Author: Jacob Lalonde
Date: 2025-04-08T09:47:52-07:00
New Revision: f869d6efeec825c384dd9410fd29f90078e40c30

URL: 
https://github.com/llvm/llvm-project/commit/f869d6efeec825c384dd9410fd29f90078e40c30
DIFF: 
https://github.com/llvm/llvm-project/commit/f869d6efeec825c384dd9410fd29f90078e40c30.diff

LOG: [LLDB][Minidump]Update MinidumpFileBuilder to read and write in chunks 
(#129307)

I recently received an internal error report that LLDB was OOM'ing when
creating a Minidump. In my 64b refactor we made a decision to acquire
buffers the size of the largest memory region so we could read all of
the contents in one call.
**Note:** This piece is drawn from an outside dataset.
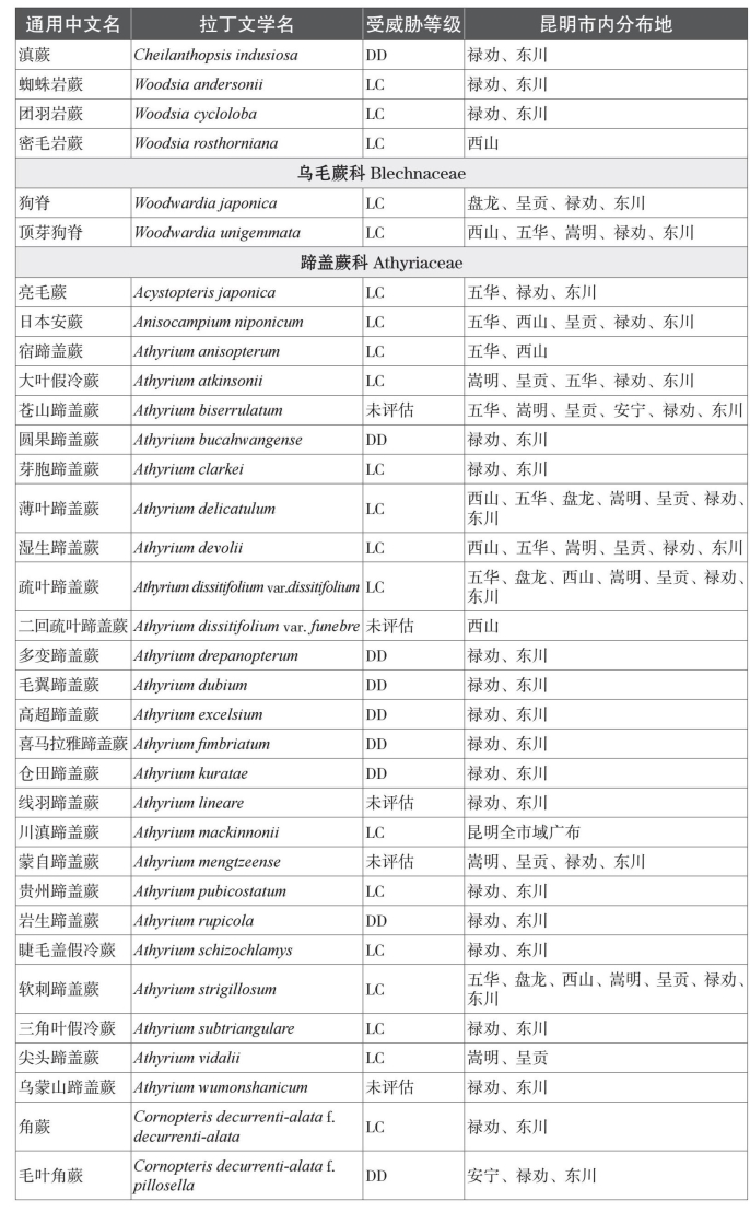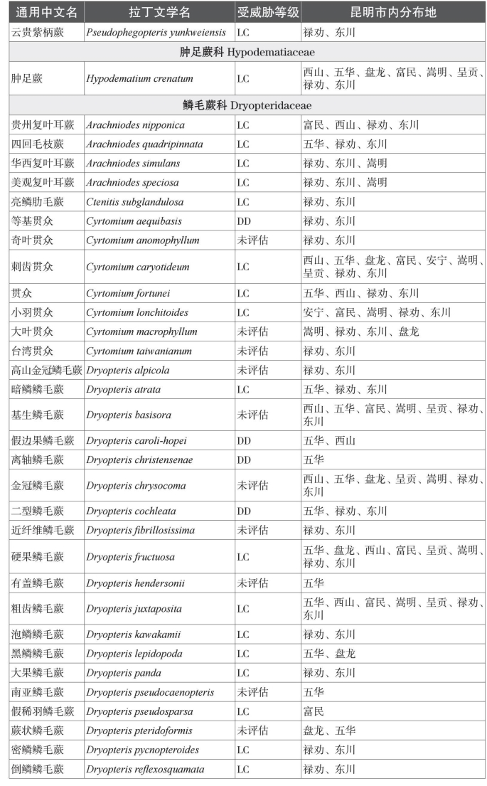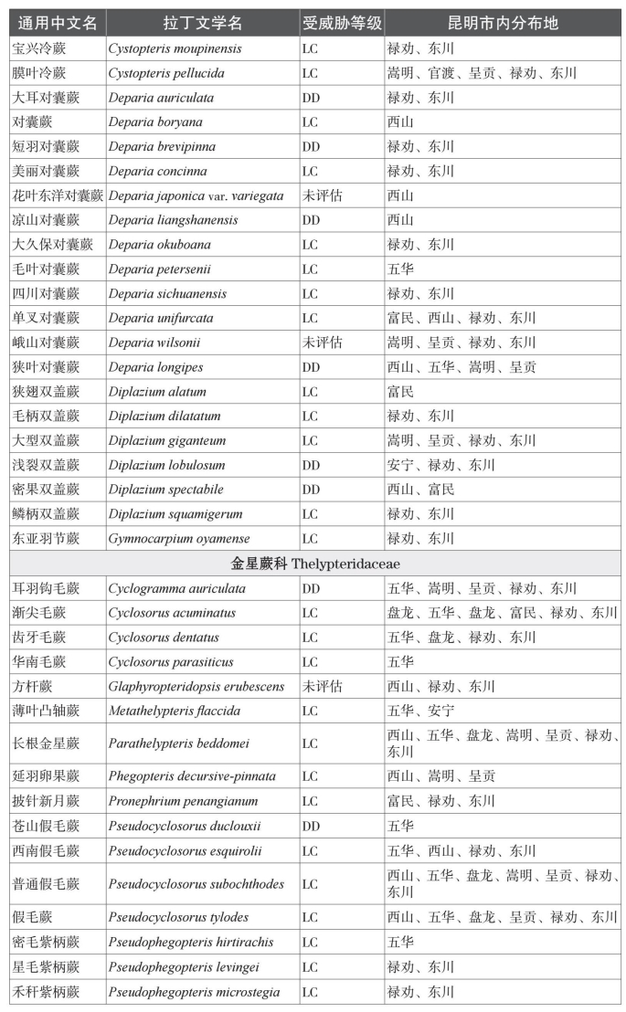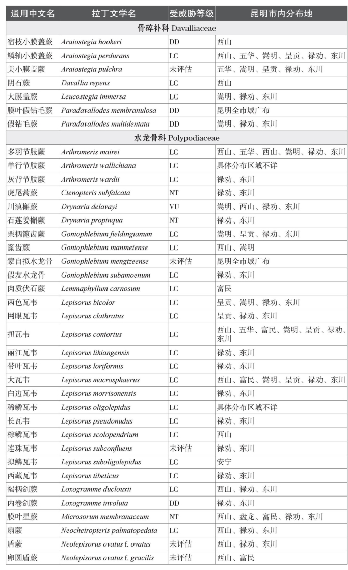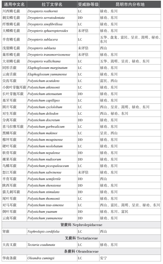 本名录收录中国特有种81个。而从保护物种来看,本名录中共收录了国家一级重点保护植物1种,为云贵水韭(Isoetes yunguiensis);国家二级重点保护植物3种,分别为昆明石杉(Huperzia kunmingensis)、蛇足石杉(Huperzia serrata)和中国蕨(Aleuritopteris grevilleoides)。项目组根据《中国生物多样性红色名录——高等植物卷》对昆明市石松类和蕨类植物的受威胁情况进行分类,除了230个物种处于无危以外,处于受威胁状态(易危VU、濒危EN、极危CR)的石松类和蕨类植物物种共有4种;另有近危(NT)物种11种,以及尚未评估物种33种。

This made error handling very simple (and
simpler coding for me!) but had the trade off of large allocations if
huge pages were enabled.

This patch is one I've had on the back burner for awhile, but we can
read and write the Minidump memory sections in discrete chunks which we
already do for writing to disk.

I had to refactor the error handling a bit, but it remains the same. We
make a best effort attempt to read as much of the memory region as
possible, but fail immediately if we receive an error writing to disk. I
did not add new tests for this because our existing test suite is quite
good, but I did manually verify a few Minidumps couldn't read beyond the
red_zone.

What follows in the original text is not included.